What you should do: Your reply should hold every record exactly as given, with no pictures in it.
━━━ Data shown
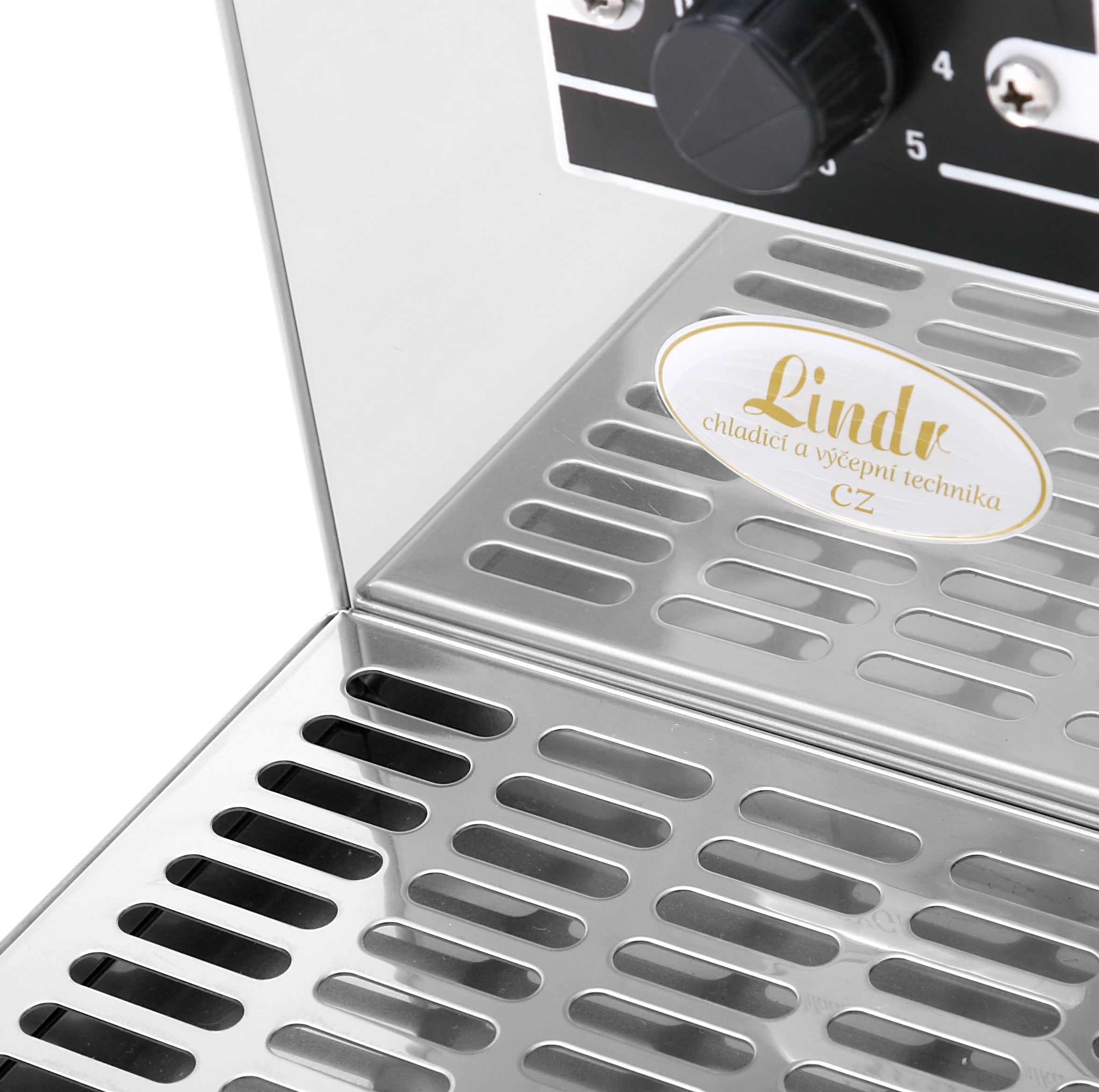 Maskinen levereras med en rostfri droppbricka och en justerbar temperaturkontroll med sju olika inställningar.
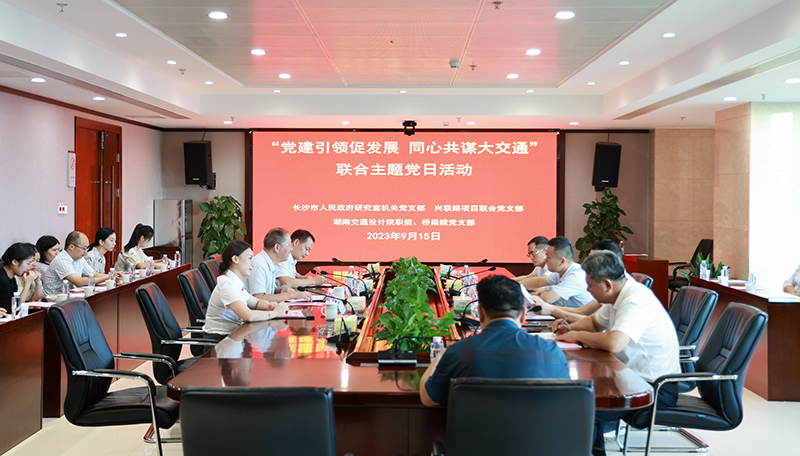 9月15日下午,湖南交通設(shè)計(jì)院聯(lián)合長(zhǎng)沙市人民政府研究室機(jī)關(guān)黨支部、長(zhǎng)益復(fù)線至興聯(lián)路大通道工程項(xiàng)目聯(lián)合黨支部開展“黨建引領(lǐng)促發(fā)展、同心共謀大交通”主題黨日活動(dòng)。湖南交通設(shè)計(jì)院黨委副書記、副董事長(zhǎng)、總經(jīng)理(主持工作)向建軍,長(zhǎng)沙市人民政府研究室黨組成員、副主任馬琤(...
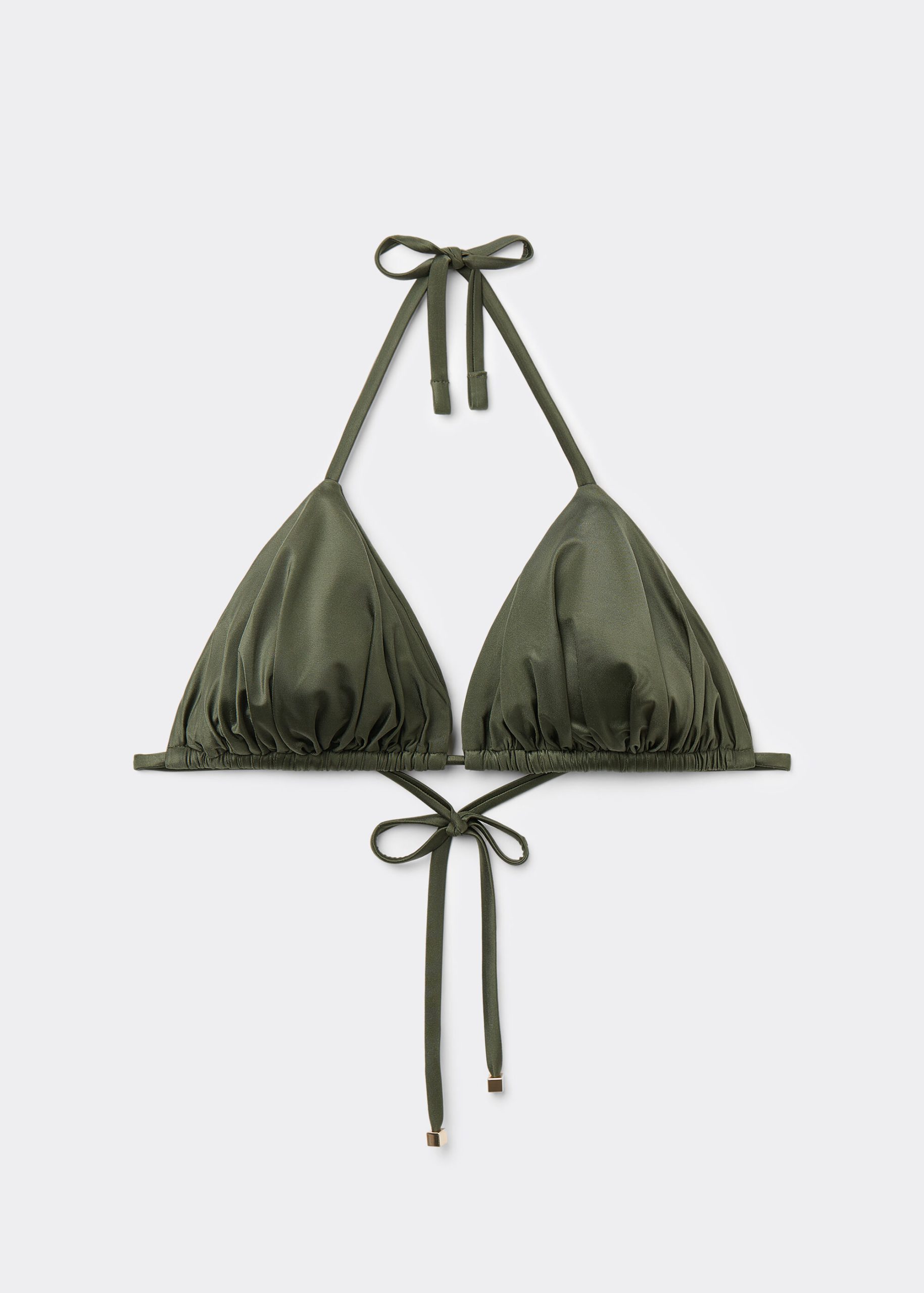 Removable Padding Triangle Swimsuit Top Shiny Satin
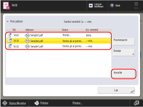 Annullér], vælge det job, der skal annulleres, fra printjoblisten og trykke på [Annullér].
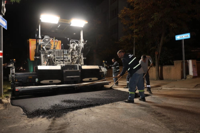 Eskişehir Büyükşehir Belediyesi ekipleri, Uluönder Mahallesi’nde trafik akışının etkilenmemesi için asfalt onarım ve yenileme çalışmalarına gece boyunca devam etti.
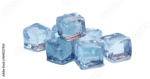 © Molang Visual, Obraz premium A Close-Up View of Transparent Blue Ice Cubes on White Background
━━━━━━
Solved exercise:
 Maskinen levereras med en rostfri droppbricka och en justerbar temperaturkontroll med sju olika inställningar.
 9月15日下午,湖南交通設(shè)計(jì)院聯(lián)合長(zhǎng)沙市人民政府研究室機(jī)關(guān)黨支部、長(zhǎng)益復(fù)線至興聯(lián)路大通道工程項(xiàng)目聯(lián)合黨支部開展“黨建引領(lǐng)促發(fā)展、同心共謀大交通”主題黨日活動(dòng)。湖南交通設(shè)計(jì)院黨委副書記、副董事長(zhǎng)、總經(jīng)理(主持工作)向建軍,長(zhǎng)沙市人民政府研究室黨組成員、副主任馬琤(...
 Removable Padding Triangle Swimsuit Top Shiny Satin
 Annullér], vælge det job, der skal annulleres, fra printjoblisten og trykke på [Annullér].
 Eskişehir Büyükşehir Belediyesi ekipleri, Uluönder Mahallesi’nde trafik akışının etkilenmemesi için asfalt onarım ve yenileme çalışmalarına gece boyunca devam etti.
 © Molang Visual, Obraz premium A Close-Up View of Transparent Blue Ice Cubes on White Background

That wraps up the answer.